You win ALL the internet points for today! The CO section looks legit too. I'm going to download them to the big computer once the kids are done with homework. Score!

mazdeuce
mazdeuce MegaDork
8/17/17 1:52 p.m.

The plan is to work on the motor like an onion. one layer at a time.
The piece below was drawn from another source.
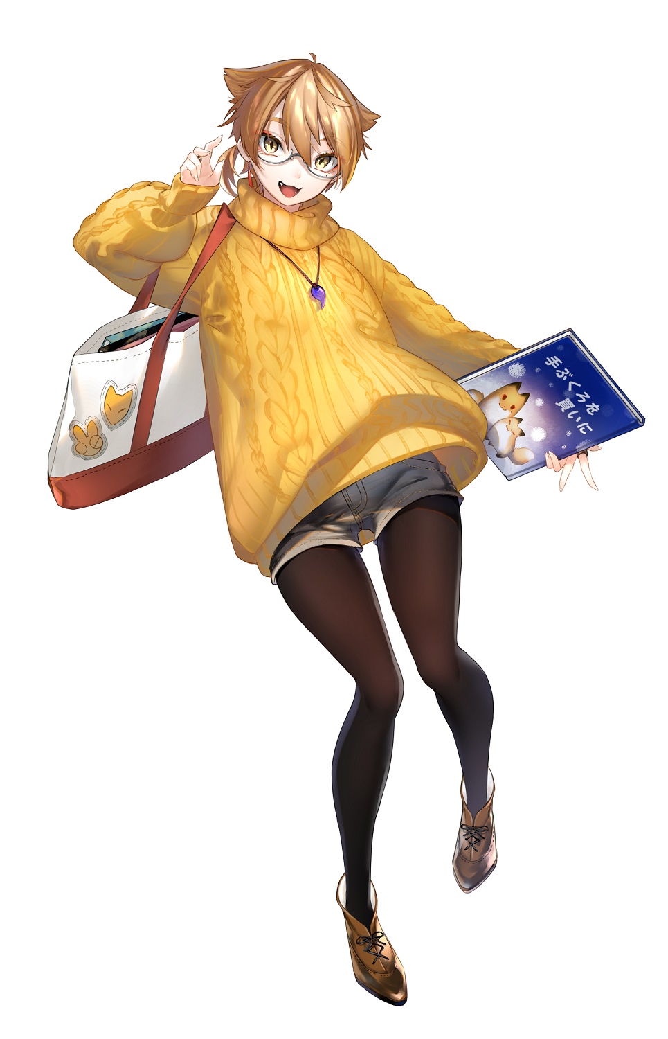 1girl :3 :d ahoge alternate_hair_length alternate_hairstyle ankle_boots aran_sweater arm_at_side bad_id bad_pixiv_id bag bespectacled black_pantyhose book boots brown_boots brown_hair cable_knit cross-laced_footwear earrings eyelashes eyeliner fang floating_hair fox full_body fushimi_gaku glasses hair_between_eyes hair_flaps hand_up highres holding holding_book jewelry leaning_back long_hair long_sleeves looking_at_viewer magatama magatama_necklace makeup mole mole_under_eye necklace nijisanji open_mouth pantyhose pantyhose_under_shorts pendant picture_book shorts shoulder_bag side_ponytail simple_background single_earring slit_pupils smile sweater sweater_vest turtleneck turtleneck_sweater virtual_youtuber white_background yatozume yellow_eyes yellow_sweater_vest

The good part about the cabover is engine access is pretty good. The frame rails are in the way, but the rest of the engine compartment is up there by that tree. The next layer after the carb is the intake manifold. It has a half dozen hoses, one hard vacuum line, and the plug wires and coil to take off first, and then 16 bolts. Out come the bolts. Cardboard used because there are two different lengths. A couple were tricky to get a wrench on, but none were stuck. Right about this time the mail lady dropped off the box containing a whole engine worth of gaskets from oldopelguy. She honked at me, pretty sure she liked my new haircut. Manifold came off easy enough. I immediately decided to get the scale. Growing up I always read International V8's weighed 800lbs and I thought they were exaggerating. I now think the scale they used only went up to 800. And there we are, another layer down. A couple of the intake ports look good, a couple a a bit rusty, and a couple of them look like the Titanic after 80 years in the North Sea.